Disney+ (ディズニープラス)で配信中の「スター・ウォーズ:スケルトン・クルー」第5話「お前たちは海賊を分かっていない」レビュー/トリビアチェックポイントです。
この記事では、「スター・ウォーズ:スケルトン・クルー」第5話「お前たちは海賊を分かっていない」のストーリーやレビュー(感想・考察・批評)、トリビアの解説といった、このエピソードをより深く知るためのテキストを綴っています。
この記事はネタバレがございますので、「スター・ウォーズ:スケルトン・クルー」第5話「お前たちは海賊を分かっていない」の本編鑑賞後にご覧ください。
「スター・ウォーズ:スケルトン・クルー」の他のエピソードについては、以下のカテゴリーからご参照ください。
「スター・ウォーズ:スケルトン・クルー」第5話「お前たちは海賊を分かっていない」レビュー
アト・アティンの保護者たちの行動
アト・アティンの子どもたちは、帰るべき故郷=宝のありかを記す地図を求めて、ついに伝説の海賊の隠れ家へ!

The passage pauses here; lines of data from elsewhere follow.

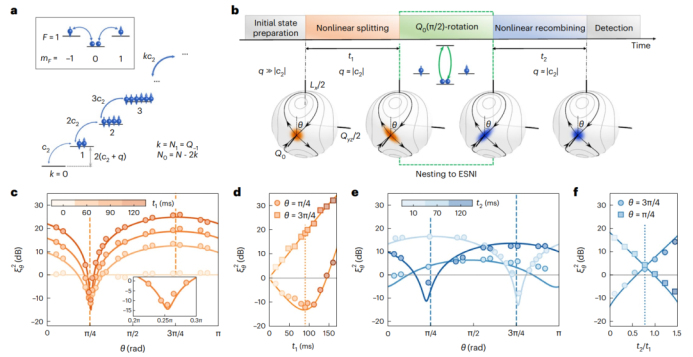 量子纠缠提供了超过标准量子极限的测量精度。然而,由于在制备、控制和检测量子纠缠方面的实验限制,具有较大增强的实验观测,仍然极具挑战性。本研究通过自旋混合动力学产生自旋-向列压缩态,利用26400个原子的大系综,实现了超越标准量子极限的15.6±0.5dB灵敏度,可用于检测小角度拉比Rabi旋转,以及16.6±1.1dB的灵敏度,可用于Ramsey干涉测量应用中的相位传感。该研究为基于超冷原子的精密测量应用奠定了基础。利用回声实现时间反演的方案可以直接推广到有类似相空间结构的Lipkin-Meshkov-Glick (LMG)模型中,从而为在其他自旋系统中实现非线性干涉仪提供了新的思路。
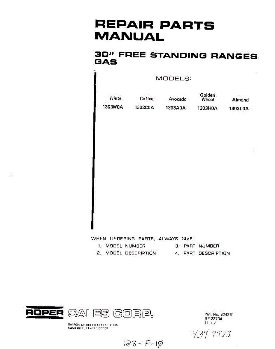 Parts for Whirlpool 1303W0A: 01 - Backguard Parts
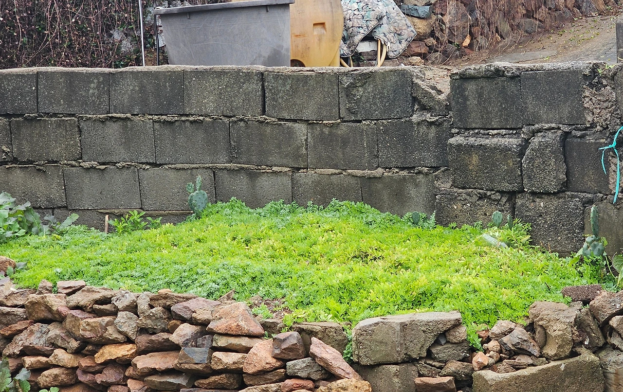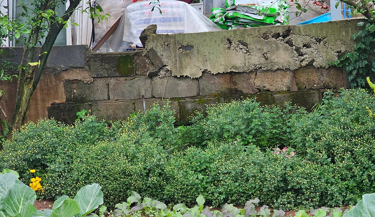 눈썹화단에는 돌나물이 자라고 있어요. 이곳은 텃밭을 처음 가꿀 때 나온 돌들을 쌓았어요. 건축 쓰레기, 벽돌 등이 무더기로 방치되어 있어 괭이로 깨어 잘게 부수어 이곳에 모았거든요. 그 위에 흙을 덮고 제일 생명력이 있다는 돌나물을 가져와 심었답니다. 돌나물은 이렇게 잘 자라고 있습니다.

各話ごとに、新たに提示される手掛かりによってストーリーを運んで行き、旅の舞台が変わっていくことが「スター・ウォーズ:スケルトン・クルー」のシリーズにおける大きな特徴だが、第5話「お前たちは海賊を分かっていない」では、追っ手が迫る中でアト・アティンの座標という、いわば宝の地図を巡ってかつての海賊の隠れ家を探検していくという、まさに『グーニーズ』な展開となるエンタテイメント性に富んだエピソードだ!

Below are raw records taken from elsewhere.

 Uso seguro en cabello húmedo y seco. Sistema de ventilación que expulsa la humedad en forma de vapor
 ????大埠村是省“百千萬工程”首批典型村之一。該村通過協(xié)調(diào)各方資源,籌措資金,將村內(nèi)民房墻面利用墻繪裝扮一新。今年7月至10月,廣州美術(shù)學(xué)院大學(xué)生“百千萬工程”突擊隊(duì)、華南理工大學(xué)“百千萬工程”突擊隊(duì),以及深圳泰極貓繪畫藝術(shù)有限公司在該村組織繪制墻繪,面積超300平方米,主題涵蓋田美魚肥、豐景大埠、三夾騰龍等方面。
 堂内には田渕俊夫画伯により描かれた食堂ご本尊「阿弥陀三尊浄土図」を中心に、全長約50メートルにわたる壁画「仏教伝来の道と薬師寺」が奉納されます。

アト・アティンでは、ウィムの父であるウェンドルがニールの母のヌーマからシステムに侵入する装置を職場で受け取る。ヌーマによると、バリア外に交信するためにはアクセスコードが必要であるという。
しかし、ヌーマの装置を使ったウェンドルの試みはセーフティ・ドロイドに見つかってしまい、管理局次官のファラの知るところとなる。セーフティ・ドロイドを停止させ、記録を消去したファラは、正規ルートで対処しているとウェンドルに言うが成果はない。管理官は助けてくれる気はなく、自分たちで何かをするしかないというウェンドルの考えを、ファラは聞こうとする。
子どもたちと離れ離れになってしまった保護者たちのアト・アティンでの模様も、少しずつその動向が描かれてきたが、第1話「ホントの冒険ができるかも」に登場した管理局次官のファラとウェンドルが接触。大人たちにとっては、アト・アティンの所在を知られることを避けるのは常識であるようだが、ファラの言う正規ルート、ウェンドルの計画のそれぞれが気になるところだ。

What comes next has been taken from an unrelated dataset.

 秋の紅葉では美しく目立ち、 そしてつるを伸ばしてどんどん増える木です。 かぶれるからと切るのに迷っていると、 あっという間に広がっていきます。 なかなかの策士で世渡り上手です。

保護者たちも大切な存在を守るため「冒険」をすることになり、それが子どもたちの危機を脱することにつながる展開となるだろうが、その組み立て方が楽しみである。また、アト・アティンの住人にとっての「世界」の仕組みが明かされるであろう、終盤への助走が始まっていることも感じさせる。
母を失ったウィム、執着を捨てたジョッド
一方、オニックス・シンダーではアト・アクランにて襲いかかってきたSM-33を、メモリーチップを迂回させコア・プロセッサーに過負荷がかからないようにして、拘束した上で起動させようとしていた。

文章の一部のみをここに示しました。